Park in Santa Monica, California, United States

Douglas Park is a 10.7 acre park in Santa Monica, California. Formerly the site of an aircraft factory and movie studio lot, the park is named after Donald Douglas and hosts a number of facilities, including a bowling green and Los Angeles County's largest municipal pond.

==History==
Prior to construction, the site had been used as an aircraft factory for the Douglas Aircraft Company and a movie studio lot. However, the size of the surrounding trees limited the size of planes that could depart from the factory and made it difficult for pilots to take off from the factory, requiring some planes to be wheeled through the streets of Santa Monica. Thus, in 1927, the factory was relocated to Clover Field, now known as the Santa Monica Airport.

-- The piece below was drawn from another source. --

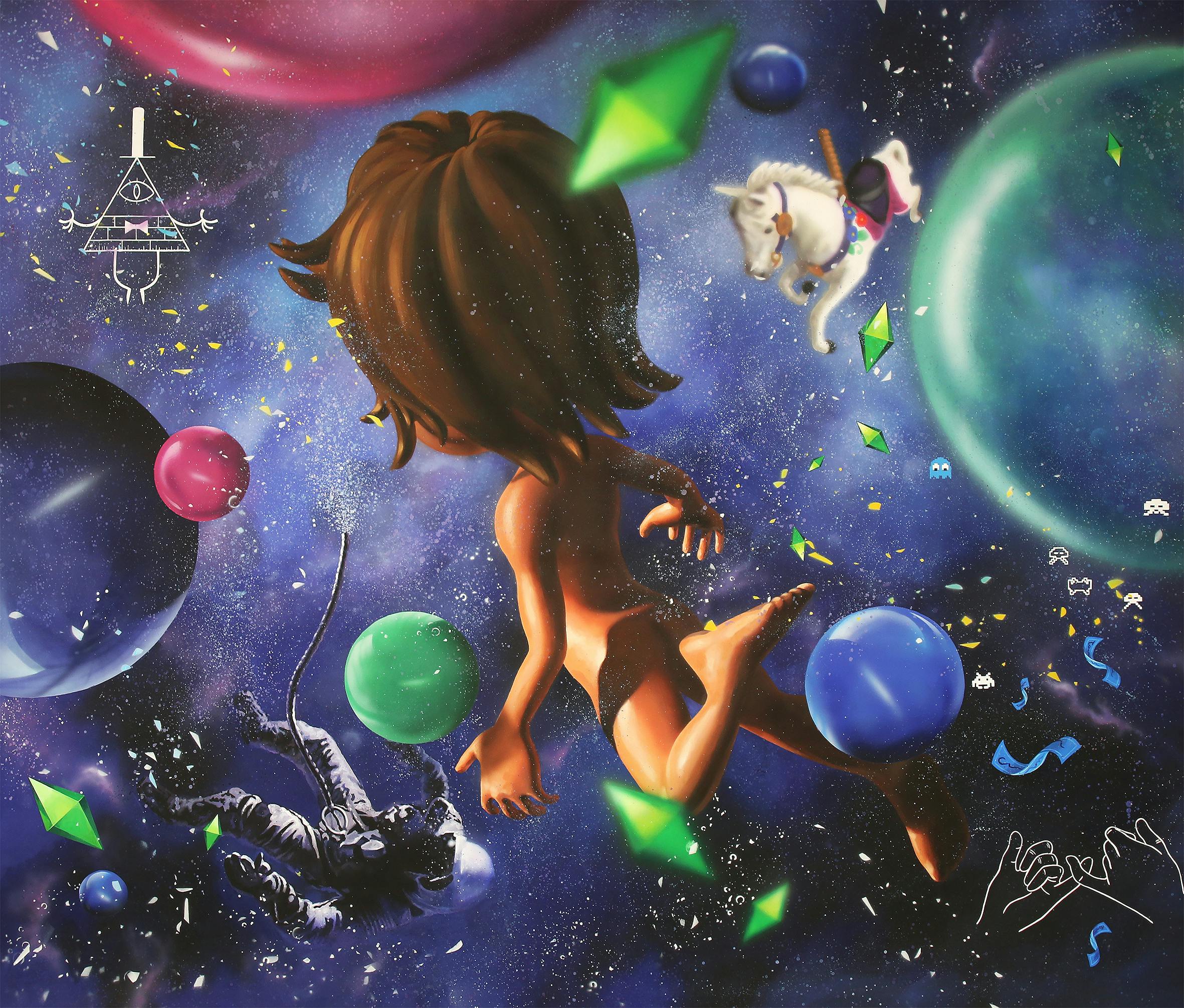 All his works of art are born in a digital environment, that is, they are the product of the use of digital processing software like Photoshop or Cinema 4D, which subsequently undergo a further process of refining in the analogic dimension of traditional painting. His works can, therefore, take the format of Jpeg, Gif or MP4 files, but they might also have the physical consistency of drawings on paper or canvas paintings, hand-crafted with an almost maniacal precision. This combination of procedures, this multimedia, not only defines the extension of his field of action but it corresponds to a programmatic will to address a much wider audience than the one conventionally restricted to contemporary art. So, Motta wants to transmit his visual message to a virtually much extended public, which includes Baby Boomers and Generation X, Millennials and Generation Z.

Following the closure of the factory, Santa Monica elected to transform the land into a park. Ed Howard was selected as the architect. Construction on the park began in 1931 and was completed in 1933. The park was originally named Padre Park before being renamed to acknowledge Donald Douglas, the founder of the Douglas Aircraft Company.

==Facilities==
The park hosts a number of facilities including two tennis courts, picnic tables, a playground, a clubhouse, three reflecting pools, and a lawn bowling green. The park's bowling greens are particularly popular and host the Santa Monica Bowls Club. The park's man-made waterscape is also the largest municipal pond in Los Angeles County and hosts a variety of ducks, turtles, and fish.